• [DESCRIPTION OF THE TASK]
Don't include pictures. Quote the lines below from the first through the line that contains "Karabük’te yaklaşık 29".

SUPPLIED DATA: Begin

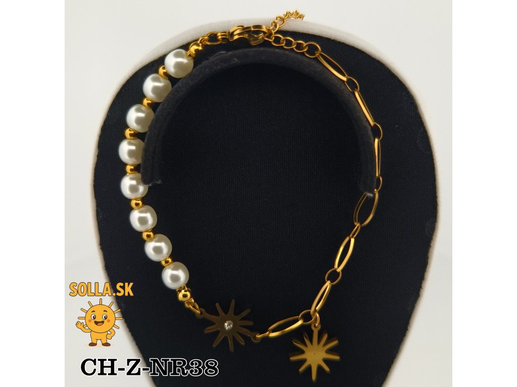Jeho unikátny dizajn kombinuje klasický perlový rad s modernými článkovými očkami, ktoré dopĺňajú dva prívesky v tvare slnka či hviezdy. Tento kontrast dodáva šperku výnimočnosť a eleganciu.
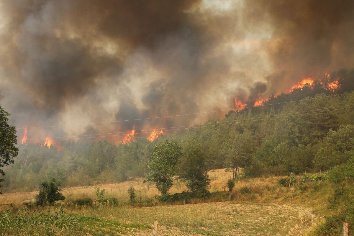 Karabük’te yaklaşık 29 saattir denetim altına alınmaya çalışılan orman yangını, şiddetli rüzgarın tesiriyle tekrar canlandı. Karabük-Ovacık kara yolu Tepealtı mevkiinde başlayan alevler, grupların tüm uğraşına karşın yine yükseldi.
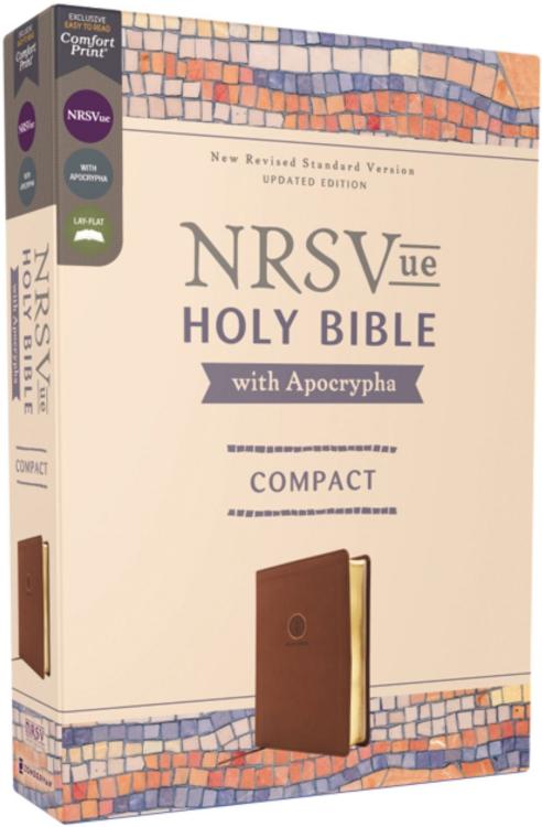 The perfect on-the-go Bible. With an easy-to-read typeface and a slim size, the NRSVue Holy Bible with Apocrypha, Compact invites you to explore the depth and beauty of Scripture anywhere and at any time. It elegantly unites the portability you’d expect in a compact Bible with a beautiful and readable typeface.The Apocrypha is placed between Old and New Testaments, a nearly four-hundred-year-old tradition originating with the 1534 German Luther Bible. This practice separates the Apocrypha from the 66-book canon while allowing readers to benefit from its spiritual wisdom, exemplary piety, and historical insight.Skillfully crafted for the New Revised Standard Version, Updated Edition (NRSVue) text, Zondervan’s exclusive Comfort Print(R) typeface provides a smooth reading experience that complements the foremost Bible translation vetted by Protestant, Catholic, Orthodox, Evangelical, and Jewish scholars. Continuing the legacy of the NRSV, the NRSVue aims to faithfully serve the church in personal spiritual formation, in the liturgy, and in the academy. With revisions based on new textual evidence, historical insights, and linguistic precision, this updated edition delivers a translation of Scripture based on meticulous care for accuracy and readability.Features:The full text of the New Revised Standard Version, Updated Edition, vetted by an ecumenical pool of Christian academics and renowned for its beautiful balance of scholarship and readabilityApocrypha between the Old and New TestamentsPortable size – slightly larger than a 4×6 notecardElegant two-color page design in a double-column formatPresentation pageSatin ribbon markerExclusive Zondervan NRSVue Comfort Print typeface
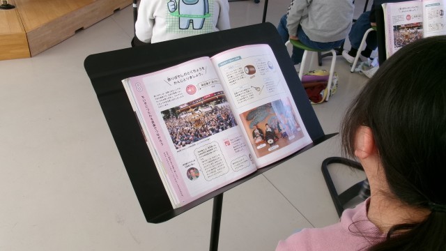 今日は「神田祭りのお囃子」で使われている太鼓や笛について学習しました。鬼石祭りと比較しながら、太鼓や笛の音色などを聞いて気づいたことを話しあいました。

SUPPLIED DATA: End

• [TASK RESPONSE]
Jeho unikátny dizajn kombinuje klasický perlový rad s modernými článkovými očkami, ktoré dopĺňajú dva prívesky v tvare slnka či hviezdy. Tento kontrast dodáva šperku výnimočnosť a eleganciu.
 Karabük’te yaklaşık 29 saattir denetim altına alınmaya çalışılan orman yangını, şiddetli rüzgarın tesiriyle tekrar canlandı. Karabük-Ovacık kara yolu Tepealtı mevkiinde başlayan alevler, grupların tüm uğraşına karşın yine yükseldi.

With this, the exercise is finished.